Background
Gautam Singhania, the Chairman and Managing Director of Raymond Group, a leading textile and apparel company in India, has settled a case of alleged customs duty evasion filed by the Directorate of Revenue Intelligence (DRI) over the import of 142 cars by paying penalties amounting to Rs 328 crore. The case was initiated amid Singhania’s ongoing divorce dispute with his wife Nawaz Modi Singhania.
Details
Car Procurement
According to the DRI, Singhania was the “beneficial owner” of 142 cars, including 138 vintage ones and four research and development vehicles, that were procured by Raymond Group from renowned auction houses such as Sotheby’s, Barrett-Jackson and Bonhams. The cars were bought from various auction houses between 2018 and 2021 and were sent directly to India from the US and the UK.
Invoice Manipulation
However, the invoices submitted to Indian customs were raised in the names of intermediary companies registered in the UAE, Hong Kong and the US, such as Bentimi FZC, Almaskan Trading LLC, Truemax Ltd and Orchid HK Ltd.
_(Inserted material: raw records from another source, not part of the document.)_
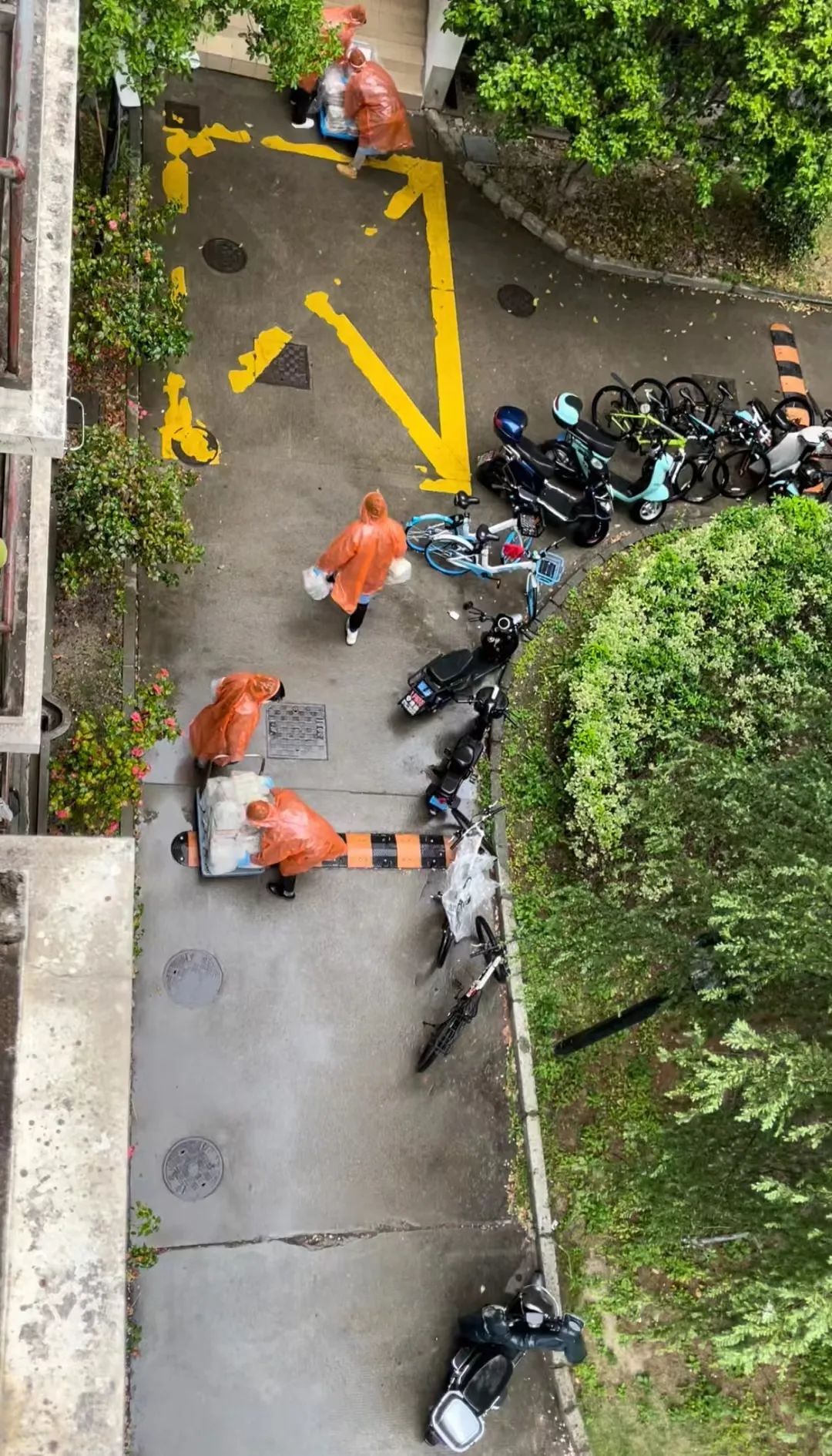 雨水的湿滑,小推车放不稳,大家的手套里也浸满了雨水,依旧照常把三餐配送到同学们手中。同学们也给我们筹集了一些红糖、姜茶以及驱寒药品,大家的善意也让这种坚持有了更多的意义。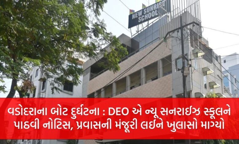 હરણી બોટ દુર્ઘટનાને લઈને સતત તપાસ હાથ ધરવામાં આવી રહી છે અને તેને લઈને સતત નવી-નવી જાણકારી સામે આવી રહી છે. ત્યારે હવે સમાચાર સામે આવ્યા છે કે, DEO દ્વારા ન્યૂ સનરાઈઝ સ્કૂલને નોટિસ પાઠવવામાં આવી છે. સ્કૂલ પાસે પ્રવાસની મંજૂરી અંગે ખુલાસો માંગવામાં આવ્યો છે. પ્રવાસ માટે કેમ પરવાનગી ન લીધી તેનો જવાબ માંગવામાં આવ્યો છે. જ્યારે અઠવાડિયામાં જવાબ આપવા માટે આદેશ આપવા આવ્યો છે. પ્રવાસ અંગે DEO કચેરીને અંધારામાં રાખનાર સામે કાર્યવાહી કરવામાં આવશે. બીજી તરફ આ તરફ દુર્ઘટના બાદ વાલીઓમાં ભયનો માહોલ ઉભો થયો છે. અન્ય શાળાના વાલીઓ બાળકોને પ્રવાસે મોકલવામાં ભય અનુભવી રહ્યા છે. અન્ય શાળાઓના પ્રવાસના આયોજનો સતત રદ્દ કરવામાં આવી રહ્યા છે.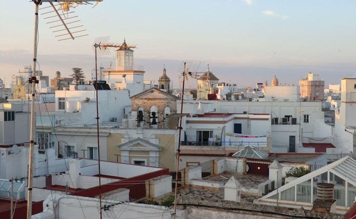 This holiday flat, renovated in 2016, is located at the heart of Cadiz, in a great location, in between the central market and the elegant Calle Ancha. It is located on the fourth floor of an 18th century merchant's house.The bedroom has a small balcony. The large, communally used roof terrace offers panoramic views over the city. Parking is available at a nearby public parking area. During longer stays, park and ride is recommended.The 55 m² apartment accommodates two people. The access is via a central courtyard. The apartment was beautifully renovated and furnished with a combination of modern furniture, while retaining original elements, such as the floor tile and the wooden ceiling beams. It is a comfortable property, where you can spend a relaxing holiday. This apartment offers a living/dining room, a large bedroom with a balcony, a kitchen and a bathroom. The living room is furnished with a sofa, armchairs and a television and is adjacent to the dining area. Behind the dining area is the kitchen, furnished with a stove, a refrigerator, a dishwasher, a kettle and a coffee maker. The bedroom is furnished with a 160 x 200 cm double bed and built in closets. The modern bathroom boasts a shower and a toilet, a sink, a mirror and a hairdryer. Heating and Wi-Fi are also available.This flat is in an ideal location to explore restaurants, museums, beached and cities. It is a ten minute walk to Caleta beach and a five minute drive to Playa Victoria. The library and a theatre are located on the same road as the apartment. It is just a one minute walk to the indoor fruit, fish and meat market. In town, everything is accessible on foot. It is about a ten minute walk to the main station and the bus station.As many buildings in the town centre, this listed house does not have an elevator. ESFCTU0000110170000247030000000000000000VUT/CA/00

This was allegedly done to an evasion of customs duties amounting to Rs 229.72 crore.
Singhania’s Statement
Singhania, who is a passionate car collector and was planning to open a car museum at JK House in Mumbai, took full responsibility for the customs duty shortfall in his statement to DRI. He said that he would ask his team to check the details and price of any vintage car that he found suitable for display in the museum. The DRI investigation report claimed that Raymond Group intentionally presented manipulated invoices from intermediaries to customs, fully aware of the actual values of vintage cars. The investigation suggested that the group suppressed and misdeclared the true values in invoices to evade customs duties.
Settlement
The amount paid by Raymond Group unit JK Investors (Bombay) Ltd is inclusive of differential duty along with interest and penalty applicable at 15%, said the DRI closure report. The payment was made in January last year and the matter stands closed now. A Raymond Group spokesperson said that this was an old matter and was a case of erroneous calculation. A Raymond Group executive close to the matter said that it was not an attempt to route through a subsidiary to avoid taxes but a case of miscalculation.